Activity :: With pictures left out, output exactly the lines of the listing below from the line that has "The Everbilt Hinge" to the line that has "Jonnesway AG010038S Манометр", both lines kept.

Source records ::
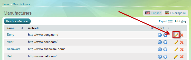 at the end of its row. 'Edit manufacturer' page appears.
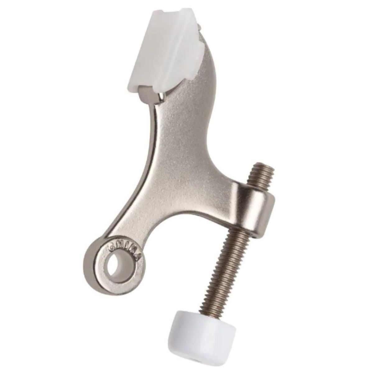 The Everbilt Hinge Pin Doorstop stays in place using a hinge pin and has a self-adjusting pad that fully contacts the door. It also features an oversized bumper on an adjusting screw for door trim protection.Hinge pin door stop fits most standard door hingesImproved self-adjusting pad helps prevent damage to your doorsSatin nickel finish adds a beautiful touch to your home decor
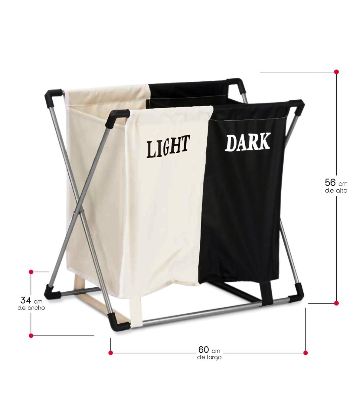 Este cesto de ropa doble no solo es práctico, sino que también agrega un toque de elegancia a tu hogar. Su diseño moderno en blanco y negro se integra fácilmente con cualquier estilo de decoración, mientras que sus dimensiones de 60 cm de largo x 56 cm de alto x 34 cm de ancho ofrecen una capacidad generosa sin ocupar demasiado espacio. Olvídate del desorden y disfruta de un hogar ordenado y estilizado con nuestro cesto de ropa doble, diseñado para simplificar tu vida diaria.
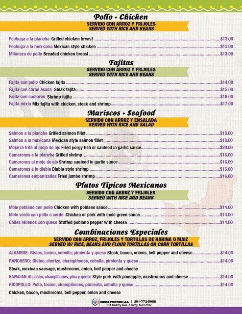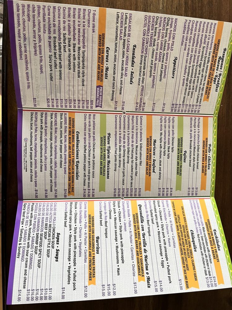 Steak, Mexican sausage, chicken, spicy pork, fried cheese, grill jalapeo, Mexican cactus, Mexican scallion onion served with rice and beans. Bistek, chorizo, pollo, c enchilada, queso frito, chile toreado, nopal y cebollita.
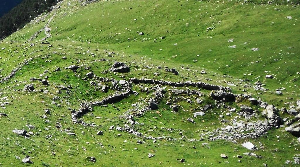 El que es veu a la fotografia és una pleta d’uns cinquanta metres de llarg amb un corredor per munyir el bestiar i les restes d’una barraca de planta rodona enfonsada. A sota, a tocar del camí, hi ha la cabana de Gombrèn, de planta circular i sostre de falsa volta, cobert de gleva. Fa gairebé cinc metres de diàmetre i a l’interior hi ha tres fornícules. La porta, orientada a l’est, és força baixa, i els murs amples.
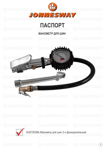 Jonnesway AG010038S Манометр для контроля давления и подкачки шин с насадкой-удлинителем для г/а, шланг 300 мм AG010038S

* * *

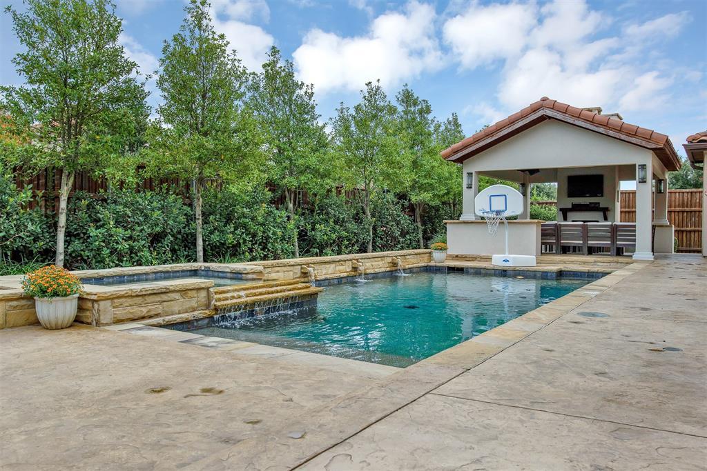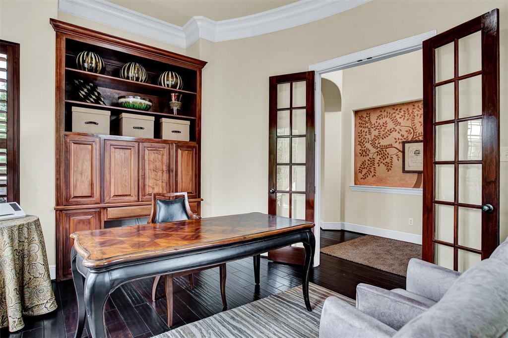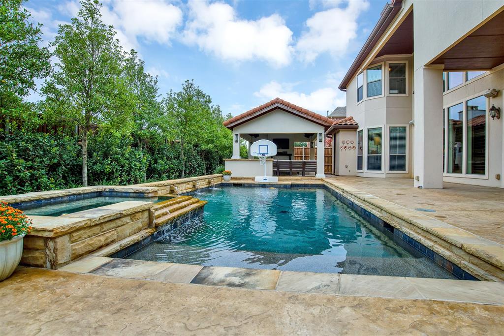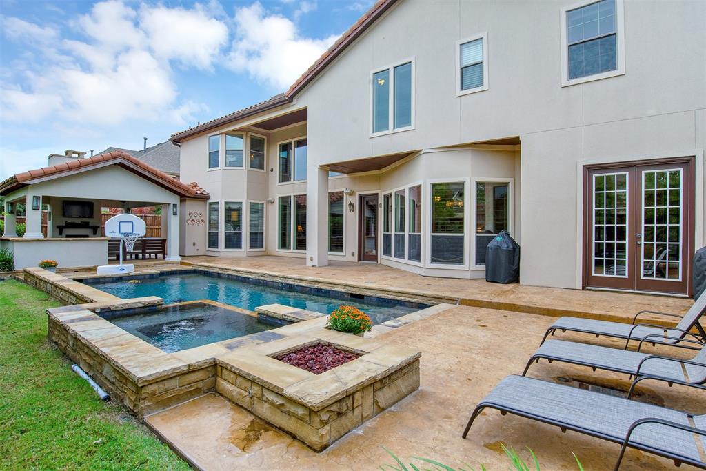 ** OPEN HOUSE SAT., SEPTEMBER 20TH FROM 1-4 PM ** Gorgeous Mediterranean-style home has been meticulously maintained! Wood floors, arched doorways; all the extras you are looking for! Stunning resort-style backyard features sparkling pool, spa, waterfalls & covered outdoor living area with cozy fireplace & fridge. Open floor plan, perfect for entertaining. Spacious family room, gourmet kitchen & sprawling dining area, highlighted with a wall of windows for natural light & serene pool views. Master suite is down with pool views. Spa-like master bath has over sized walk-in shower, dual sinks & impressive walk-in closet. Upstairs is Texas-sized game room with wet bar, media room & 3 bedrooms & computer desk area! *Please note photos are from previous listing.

--

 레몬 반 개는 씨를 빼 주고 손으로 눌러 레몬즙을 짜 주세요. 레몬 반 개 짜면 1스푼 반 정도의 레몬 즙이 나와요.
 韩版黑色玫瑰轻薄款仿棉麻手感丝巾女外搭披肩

Answer box ::
 The Everbilt Hinge Pin Doorstop stays in place using a hinge pin and has a self-adjusting pad that fully contacts the door. It also features an oversized bumper on an adjusting screw for door trim protection.Hinge pin door stop fits most standard door hingesImproved self-adjusting pad helps prevent damage to your doorsSatin nickel finish adds a beautiful touch to your home decor
 Este cesto de ropa doble no solo es práctico, sino que también agrega un toque de elegancia a tu hogar. Su diseño moderno en blanco y negro se integra fácilmente con cualquier estilo de decoración, mientras que sus dimensiones de 60 cm de largo x 56 cm de alto x 34 cm de ancho ofrecen una capacidad generosa sin ocupar demasiado espacio. Olvídate del desorden y disfruta de un hogar ordenado y estilizado con nuestro cesto de ropa doble, diseñado para simplificar tu vida diaria.
 Steak, Mexican sausage, chicken, spicy pork, fried cheese, grill jalapeo, Mexican cactus, Mexican scallion onion served with rice and beans. Bistek, chorizo, pollo, c enchilada, queso frito, chile toreado, nopal y cebollita.
 El que es veu a la fotografia és una pleta d’uns cinquanta metres de llarg amb un corredor per munyir el bestiar i les restes d’una barraca de planta rodona enfonsada. A sota, a tocar del camí, hi ha la cabana de Gombrèn, de planta circular i sostre de falsa volta, cobert de gleva. Fa gairebé cinc metres de diàmetre i a l’interior hi ha tres fornícules. La porta, orientada a l’est, és força baixa, i els murs amples.
 Jonnesway AG010038S Манометр для контроля давления и подкачки шин с насадкой-удлинителем для г/а, шланг 300 мм AG010038S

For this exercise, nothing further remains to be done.